Suppose 120 out of 400 users clicked an ad on Website A, and 90 out of 350 clicked on Website B. Test whether the click rates differ at $\alpha = 0.05$ .

$\hat{p}_1 = \frac{120}{400} = 0.30$ , $\hat{p}_2 = \frac{90}{350} \approx 0.257$
$\hat{p}_{\text{pooled}} = \frac{120 + 90}{400 + 350} = \frac{210}{750} = 0.28$
$SE = \sqrt{0.28(0.72)\left(\frac{1}{400} + \frac{1}{350}\right)} = \sqrt{0.2016(0.00536)} \approx 0.0329$
$z = \frac{0.30 - 0.257}{0.0329} \approx 1.31$

With a two-tailed test at $\alpha = 0.05$ , the critical values are $\pm 1.96$ . Since 1.31 falls between them, you fail to reject $H_0$ . There isn't sufficient evidence that the click rates differ.

Hypothesis tests for population proportions, Distribution of Differences in Sample Proportions (5 of 5) | Concepts in Statistics

Interpreting Two-Proportion Test Results

Making the Decision

You have two equivalent approaches:

Critical value method: Reject $H_0$ if the z-statistic falls in the rejection region (beyond the critical value). Otherwise, fail to reject.
P-value method: Reject $H_0$ if the p-value is less than $\alpha$ . Otherwise, fail to reject.

Writing Your Conclusion

Always state your conclusion in context. Don't just say "reject" or "fail to reject."

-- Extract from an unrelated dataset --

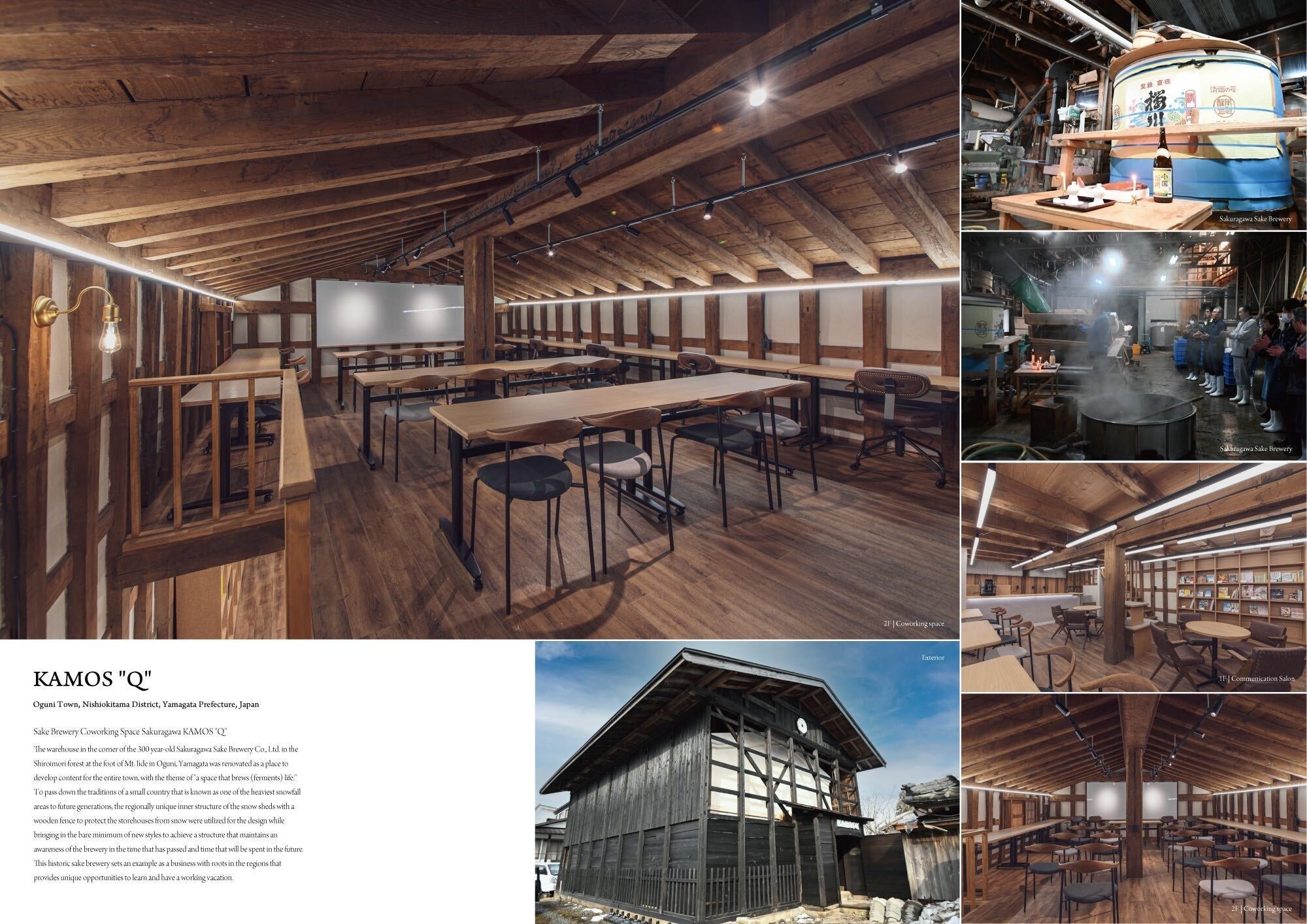 私たちは、山形県にある小国町にある酒蔵カフェ&飯豊山麓ワーケーション拠点「カモスク®(KAMOS"Q")」を運営しています。1Fはブックマンション&カフェ、2Fは会員制ワークスペースを設けWi-Fiや各種機材を完備しつつも木の温かさを感じられる居心地の良い空間をつくり、交流拠点として多様な人が気軽に立ち寄れるスペースを運営しています。

If you reject $H_0$ : "There is sufficient evidence at the $\alpha = 0.05$ level to conclude that the proportion of users who click the ad differs between Website A and Website B."
If you fail to reject $H_0$ : "There is not sufficient evidence at the $\alpha = 0.05$ level to conclude that the proportion of users who click the ad differs between Website A and Website B."

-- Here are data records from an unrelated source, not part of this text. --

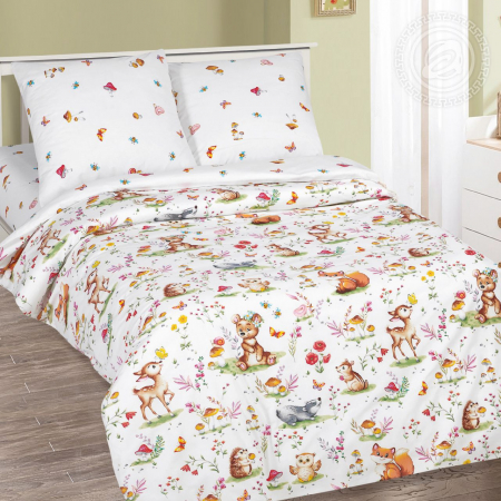 Детский комплект постельного белья от того и называется детским, что выполнен в соответствующем стиле. Маленькие зверята, цветочки, грибочки, бабочки и пчелки – вот из чего состоит новый рисунок. Каждому ребенку будет интересно найти себе маленького лесного друга, чтобы поиграть с ним перед сном. Высокое качество ткани и мастерство художника соединились воедино, чтобы показать, насколько постельное белье может быть приятным и комфортным. «Лесные друзья» - это не просто комплект, это любимый атрибут детской комнаты.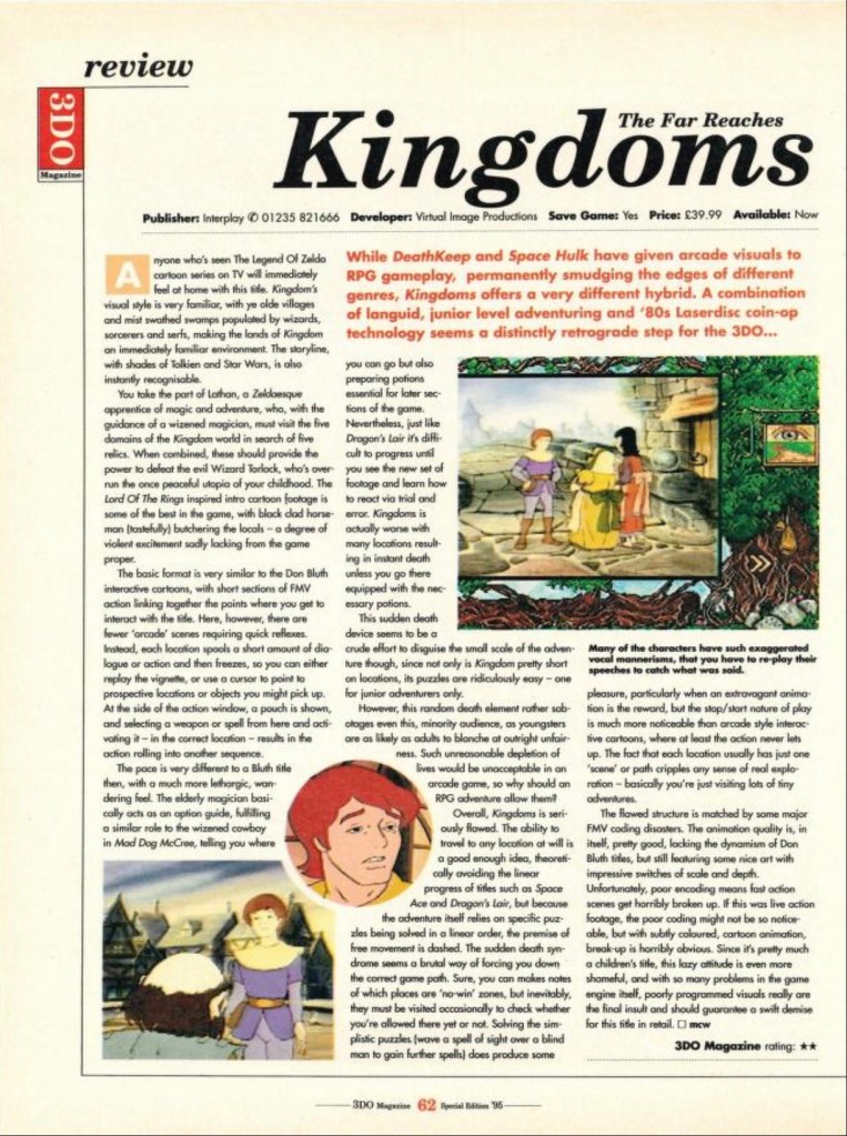 The Far Reaches Kingdoms (3DO) Review from 3DO Magazine Posted byChristopher CookAugust 6, 2022Posted inReview The Far Reaches Kingdoms (3DO) Review from 3DO Magazine, 1995/1996, Issue 1 The Far Reaches Kingdoms (3DO) Review from 3DO Magazine, 1995/1996, Issue 1 Share this: Click to share on X (Opens in new window) X Click to share on Facebook (Opens in new window) Facebook Like Loading...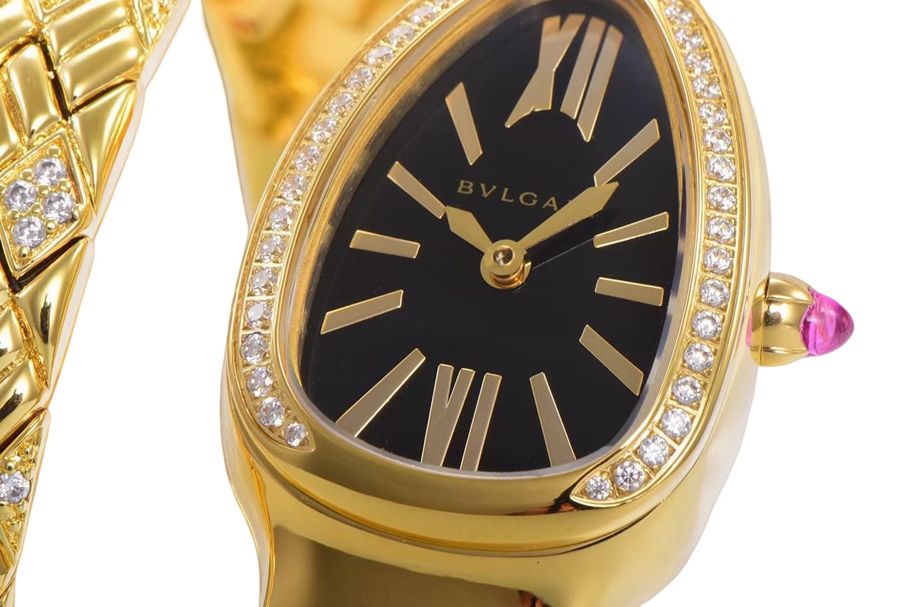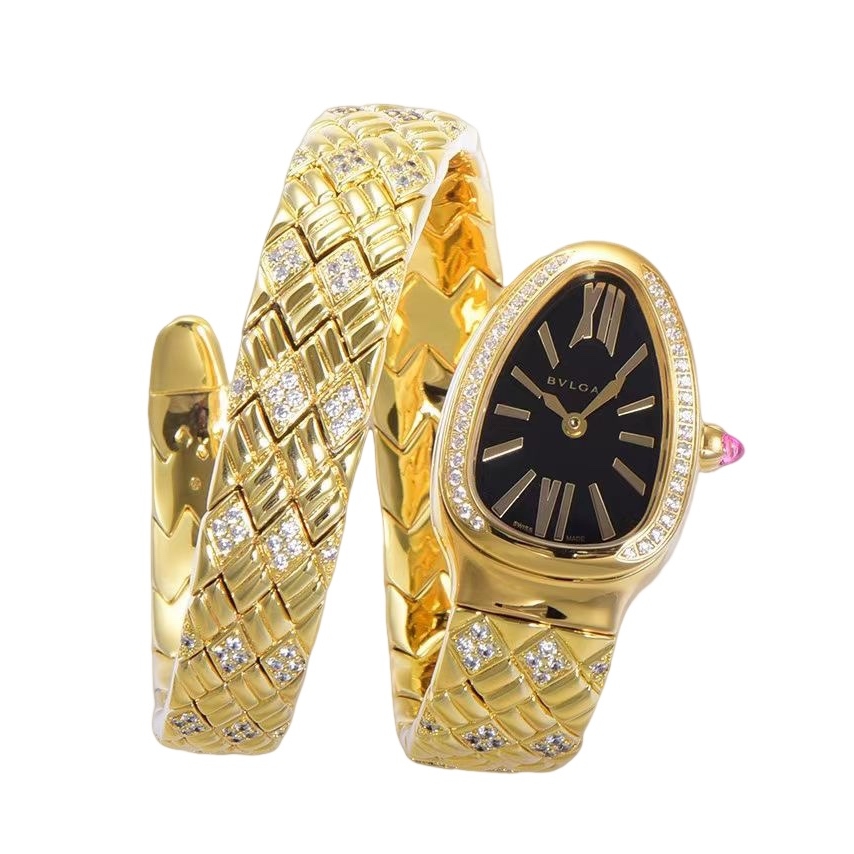 BVLGARI Serpenti Spiga 35mm Black Dial Yellow Gold Diamond Bezel Yellow Gold Diamond Strap 103748 Ladies Woman

Notice: failing to reject $H_0$ does not mean the proportions are equal. It means you don't have enough evidence to say they're different.

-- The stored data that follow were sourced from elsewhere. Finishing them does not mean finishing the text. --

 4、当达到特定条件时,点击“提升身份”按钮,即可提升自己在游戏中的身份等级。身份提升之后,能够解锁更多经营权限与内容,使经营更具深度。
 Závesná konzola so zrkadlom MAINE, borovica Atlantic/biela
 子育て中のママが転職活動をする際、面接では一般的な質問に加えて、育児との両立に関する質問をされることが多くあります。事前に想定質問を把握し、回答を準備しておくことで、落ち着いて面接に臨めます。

Statistical vs. Practical Significance

A result can be statistically significant but not practically meaningful. For example, if a drug reduces infection rates from 5.0% to 4.8%, that difference might be statistically significant with a large enough sample, but a 0.2 percentage point improvement may not justify the cost of switching treatments.

Always consider the magnitude of the difference alongside the p-value. Statistical significance tells you the difference is probably real; practical significance tells you whether it matters.

Additional Considerations

Confidence intervals for $p_1 - p_2$ complement hypothesis tests by giving a range of plausible values for the true difference. If the interval doesn't contain 0, that's consistent with rejecting $H_0$ .
Type II error occurs when you fail to reject $H_0$ even though the proportions truly are different. Its probability is denoted $\beta$ .
Power ( $1 - \beta$ ) is the probability of correctly rejecting a false $H_0$ . Larger sample sizes and larger true differences both increase power.